TASK ITEM ->
Please repeat exactly the lines below from the line with "これだけでも十分リースとして" to the line with "এস এস সি পরীক্ষার ফলাফল ২০২৩ খ্রিঃ", including both, and leave out every picture.

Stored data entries
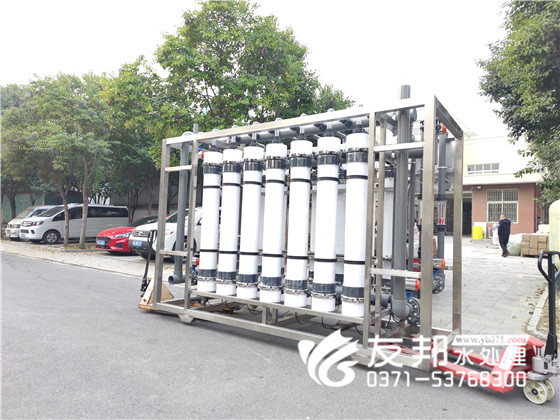 原水箱→增压泵→多介质过滤器→活性炭过滤器→增压泵→一超滤→中间水箱→臭氧灭菌→成品水箱→增压泵
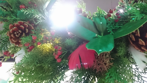 これだけでも十分リースとしては面白いと思うのですが、クリスマスっぽさはあまりないので飾り付けを始めます。
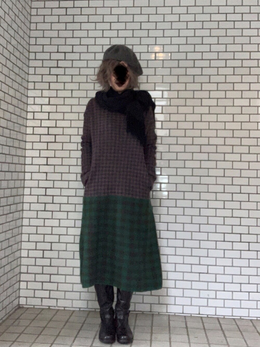 ふけみんのワンピース「ジャカードニット馬比古ワンピース」を使ったコーディネート
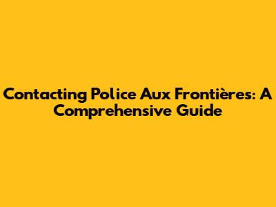 Contacting Police Aux Frontières: A Comprehensive Guide
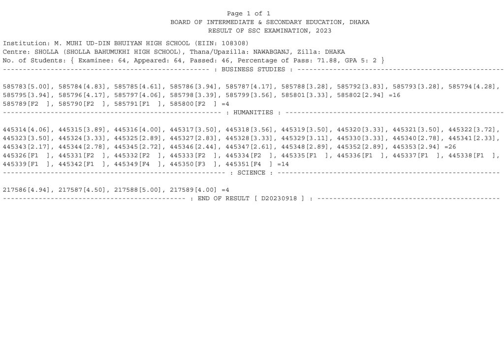 এস এস সি পরীক্ষার ফলাফল ২০২৩ খ্রিঃ
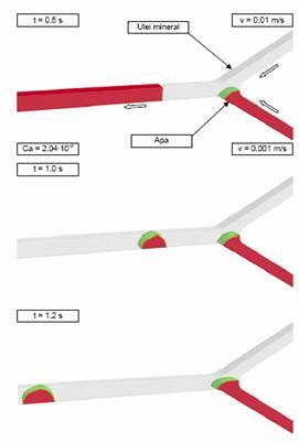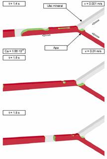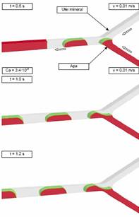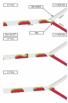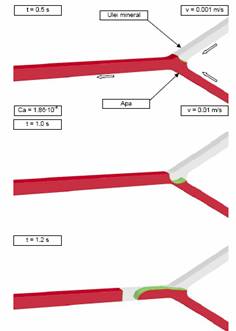 Fluidele imiscibile utilizate pentru acest studiu sunt doua fluide Newtoniene bine cunoscute si caracterizate: ulei mineral si apa deionizata, fiecare fiind introdus separat pe ramurile de intrare ale bifurcatiei in Y. Un aspect foarte important al caracterizarii din punct de vedere al proprietatilor fizice ale fluidelor de lucru il reprezinta tensiunea intefaciala. Valoarea acesteia a fost masurata cu un aparat numit goniometru si implementata in modelul numeric. Investigatia releva faptul ca variatia Ca are un impact important asupra frecventei de formare a picaturilor. Prin simpla modificare a raportului debitelor de intrare, comportamentul picaturilor se modifica drastic. Predictia si reconstructia numerica a formei interfetei dintre cele doua fluide imiscibile conduce la o caracterizare mai ampla a fenomenului formarii de picaturi sau vezicule cu comportament asemanator. |
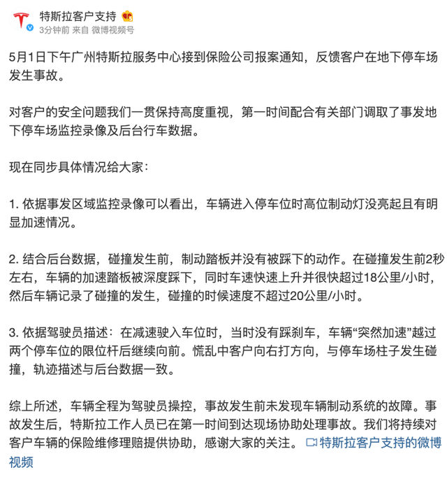 5月3日午间,@特斯拉客户支持 微博通报,5月1日下午广州特斯拉服务中心接到保险公司报案通知,反馈客户在地下停车场发生事故。对客户的安全问题我们一贯保持高度重视,第一时间配合有关部门调取了事发地下停车场监控录像及后台行车数据。

RESPONSE BELOW ->
 これだけでも十分リースとしては面白いと思うのですが、クリスマスっぽさはあまりないので飾り付けを始めます。
 ふけみんのワンピース「ジャカードニット馬比古ワンピース」を使ったコーディネート
 Contacting Police Aux Frontières: A Comprehensive Guide
 এস এস সি পরীক্ষার ফলাফল ২০২৩ খ্রিঃ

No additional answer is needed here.